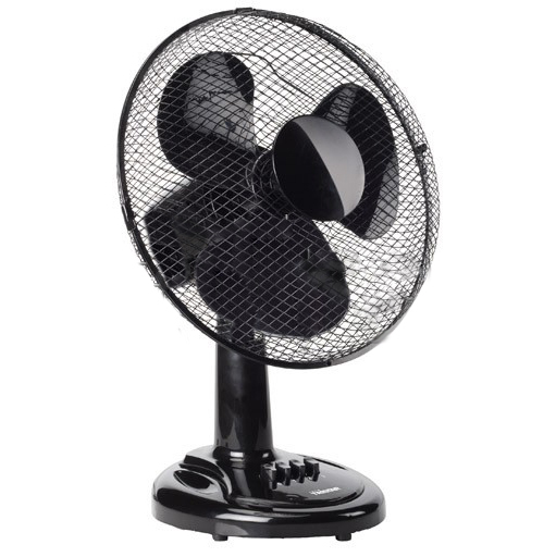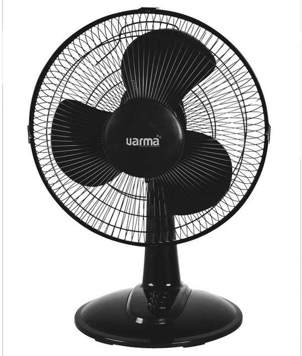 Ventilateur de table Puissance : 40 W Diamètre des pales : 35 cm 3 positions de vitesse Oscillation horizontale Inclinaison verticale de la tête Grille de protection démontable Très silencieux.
____________________
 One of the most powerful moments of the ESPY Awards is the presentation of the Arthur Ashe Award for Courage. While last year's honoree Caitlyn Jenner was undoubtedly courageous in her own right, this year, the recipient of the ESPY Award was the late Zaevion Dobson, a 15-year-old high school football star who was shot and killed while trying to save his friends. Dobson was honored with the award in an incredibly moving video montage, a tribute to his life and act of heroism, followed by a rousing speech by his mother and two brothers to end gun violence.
____________________
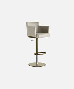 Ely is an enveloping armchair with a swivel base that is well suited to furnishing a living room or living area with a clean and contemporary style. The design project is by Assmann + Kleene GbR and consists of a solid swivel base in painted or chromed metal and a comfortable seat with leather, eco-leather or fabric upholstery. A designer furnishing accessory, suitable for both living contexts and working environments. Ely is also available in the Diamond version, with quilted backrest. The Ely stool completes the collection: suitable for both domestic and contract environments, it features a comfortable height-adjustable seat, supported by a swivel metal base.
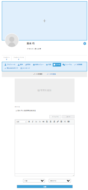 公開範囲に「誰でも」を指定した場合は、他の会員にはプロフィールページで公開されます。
____________________
Assignment:
Keep to the lines above from the line with "Ely is an enveloping" to the line with "公開範囲に「誰でも」を指定し", and set down exactly those, inclusive, with nothing else and every picture left out.

Reply to the task:
 Ely is an enveloping armchair with a swivel base that is well suited to furnishing a living room or living area with a clean and contemporary style. The design project is by Assmann + Kleene GbR and consists of a solid swivel base in painted or chromed metal and a comfortable seat with leather, eco-leather or fabric upholstery. A designer furnishing accessory, suitable for both living contexts and working environments. Ely is also available in the Diamond version, with quilted backrest. The Ely stool completes the collection: suitable for both domestic and contract environments, it features a comfortable height-adjustable seat, supported by a swivel metal base.
 公開範囲に「誰でも」を指定した場合は、他の会員にはプロフィールページで公開されます。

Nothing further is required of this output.